Micron Technology Inc. gave a strong sales forecast for the current quarter and told investors it’s through the worst of a slump in the memory-chip industry.

Revenue will be as much as US$4.8 billion in the fiscal second quarter, Micron said in a statement. Analysts had projected US$4.76 billion, according to data compiled by Bloomberg. Adjusted earnings will be 35 cents U.S. a share, plus or minus 6 cents. Analysts estimated 40 U.S. cents a share on average.

Wall Street has been predicting a recovery in demand and expects the market for computer and smartphone components will return to growth in the second half of next year. The results from Micron, the biggest U.S. maker of memory chips, confirmed this optimism.

“We are optimistic that Micron’s fiscal second quarter will be the cyclical bottom for our financial performance,” Chief Executive Officer Sanjay Mehrotra said in the statement.

Shares of the Boise, Idaho-based company rose about 3 per cent in extended-trading following the report. They closed at $53.04 earlier on Wednesday, leaving them up 67% this year. The shares had rallied more than 10% in December.

Net income in the period ended Nov. 28 fell to US$491 million, or 43 cents a share, from US$3.29 billion, or US$2.81 a share, a year earlier. Revenue declined 35 per cent to US$5.14 billion.

The company makes dynamic random access memory chips, which help processors crunch data in computers and smartphones, and Nand flash memory, which stores information in those devices.

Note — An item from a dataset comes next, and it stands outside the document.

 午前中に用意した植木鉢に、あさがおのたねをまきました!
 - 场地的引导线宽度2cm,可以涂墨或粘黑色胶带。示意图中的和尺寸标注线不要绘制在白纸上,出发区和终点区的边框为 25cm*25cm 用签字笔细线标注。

Under Mehrotra, Micron has pursued different markets for its chips to reduce wild swings in the balance of supply and demand. The company has so far been able to avoid the heavy losses it experienced as recently as 2016. At its lowest ebb in that year, the company burned through US$1.3 billion in cash in a quarter, according to Mehrotra. If his projections for fiscal 2020 pan out, it will be the fourth year in a row the company has had positive free cash flow, the first time it has managed such a run.

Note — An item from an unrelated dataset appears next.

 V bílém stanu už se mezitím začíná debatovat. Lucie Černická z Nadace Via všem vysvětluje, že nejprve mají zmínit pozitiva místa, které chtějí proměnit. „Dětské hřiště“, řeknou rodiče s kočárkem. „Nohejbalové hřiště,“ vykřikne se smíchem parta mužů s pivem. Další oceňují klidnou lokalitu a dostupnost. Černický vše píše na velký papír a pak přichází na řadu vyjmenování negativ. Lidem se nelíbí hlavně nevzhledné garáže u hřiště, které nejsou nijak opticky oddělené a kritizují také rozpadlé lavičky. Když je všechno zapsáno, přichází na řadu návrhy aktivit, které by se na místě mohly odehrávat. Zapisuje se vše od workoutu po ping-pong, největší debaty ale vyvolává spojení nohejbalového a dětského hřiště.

“Of course there will be cycles such as what we experienced in 2019,” he said in an interview. “But even in the most challenging environment Micron has delivered relatively strong results.”

The U.S. government’s designation of Huawei Technologies Co. as a threat to national security has dented sales of Micron, which has been a major supplier to the Chinese company. Micron applied for a license to resume shipments arguing, like many of its U.S. peers, that the ban hurts American chipmakers because Huawei can get the same components from foreign rivals.

Micron confirmed Wednesday that it “received all of the requested licenses that enable us to provide support for certain products” to Huawei for the Chinese company’s mobile and server businesses. Resuming that relationship will take time and Micron doesn’t anticipate “a material impact on our revenue for the next couple of quarters,’ the company said in the statement.

Micron’s biggest competitors are South Korea’s Samsung Electronics Co. and SK Hynix Inc., which aren’t subject to U.S. export restrictions.